Back to news. I was only at the training site for a day because I was very allergic to the house where we stayed. It was pretty funny, we couldn't get a key to the door, so we climbed through the windows the entire time we were there. The village was gorgeous, surrounded by mountains...and mines! So much of this country is sustained by mining. Unfortunately, mines create slag heaps, which are not such beautiful man-made mountains of waste. The cost of "progress". I was able to get back to Pretoria early Wednesday morning and get in to see the eye surgeon within two hours. The additional laser surgical procedure has now been done on my eye and I can move on till it's time for the other eye. So I was able to come back home Wednesday rather than Saturday, as I had planned. Since I was on leave through the weekend, I gave myself the time to recoup and re-center. It was great...I have been following Eckhart Tolle's class on-line on his book "The New Earth" and I was able to reread the book and view the classes again. In addition, I finally got fed up with myself and my laziness and started back at yoga, meditation and an exercise regimen. We'll see how long it lasts.
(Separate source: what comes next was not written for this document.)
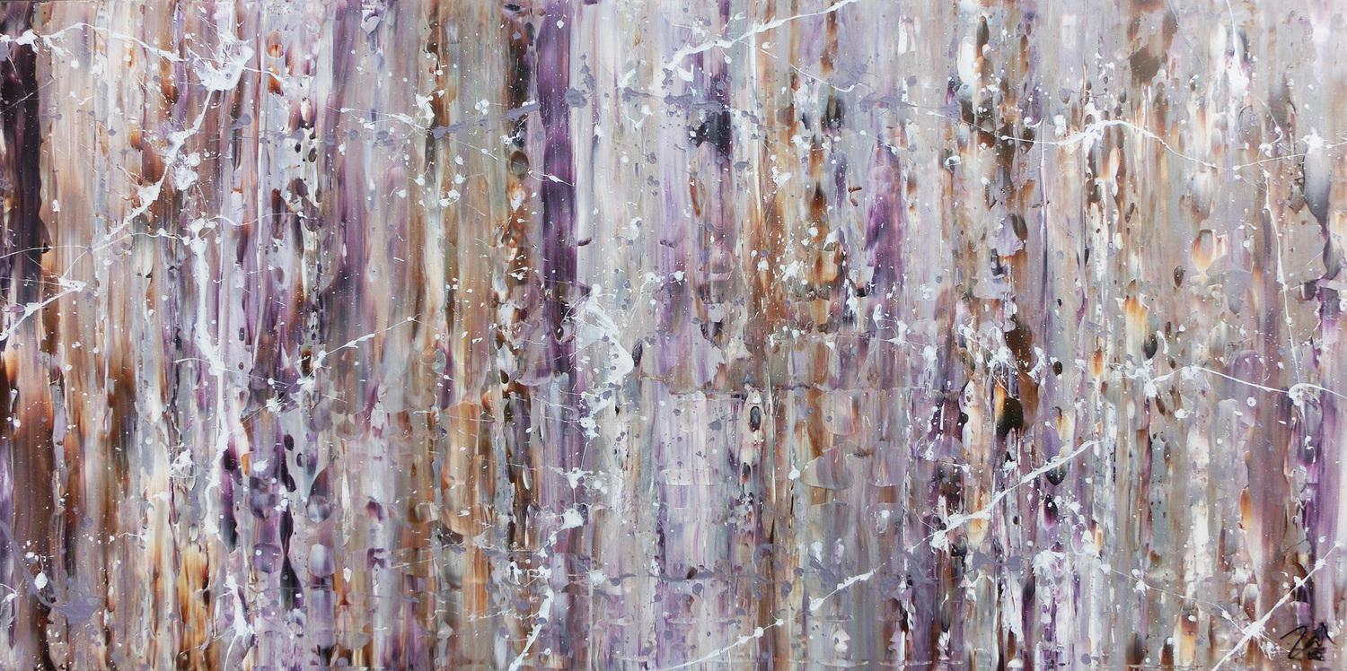 Abstraktes Gemälde auf Leinwand Modernes Acrylbild in lila und weiß abstrakt in 90x180cm von Alex Zerr

This past week has been spent preparing a Power Point presentation on the Older Persons Act. You may remember (I vaguely do) that my first assignment for Age-in-Action was to attend a week-long workshop on the the Act. About time to pull together my notes and make something of them. The presentation is prepared and now the classes we are presenting have been postponed, again, until May. Next week, I am preparing a presentation on parenting. I want to add a section on talking about sexuality with children/adolescents but have a bit of research to do since it wasn't included in the workshop I attended. How in the world it could not be included in a parenting course with 30% of a population infected with a sexually transmitted disease, I don't know. However, I do understand why it isn't tackled because the grannies just don't talk about sex...to anyone, ever!
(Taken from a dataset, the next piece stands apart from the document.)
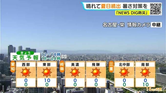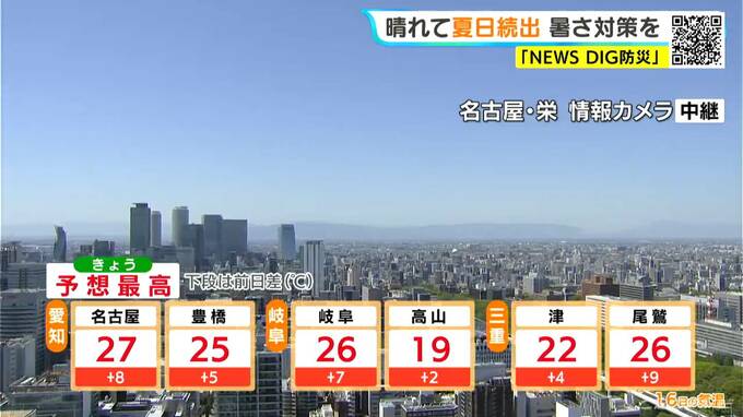 予想最高気温は名古屋で27℃、岐阜や尾鷲で26℃、豊橋で25℃と、各地で夏日になる見込みです。こまめな水分補給など、暑さ対策を心がけましょう。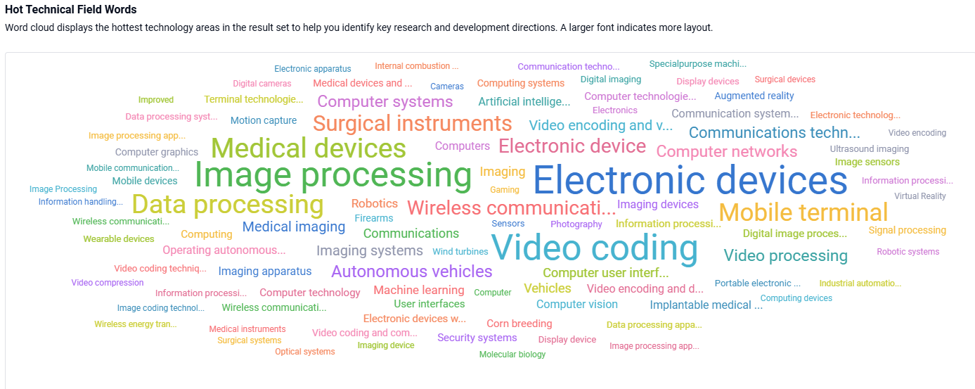 This produces a word cloud with the top technical field words we have extracted from the patents in your result list.

I went of Fochville, near Jo-burg, with Dineo this week to help with an economic empowerment program. The three senior clubs there have created a food co-op, a pillow making concern and a micro-loan sort-of credit union. They are very active and a great group of older folk. As I've mentioned before, there are many taxi accidents here and many lives lost every year. One of the grannies was the sole survivor of an accident that took 17 lives. She was originally pronounced dead also, but made it through. Seven years later, she is just coming out of her post-traumatic funk. Great lady and I thoroughly enjoyed talking with her.
Tomorrow, I plan to attend a cultural weekend at the convention center with Wanda and Dot, fellow volunteers. Will let you know how it goes.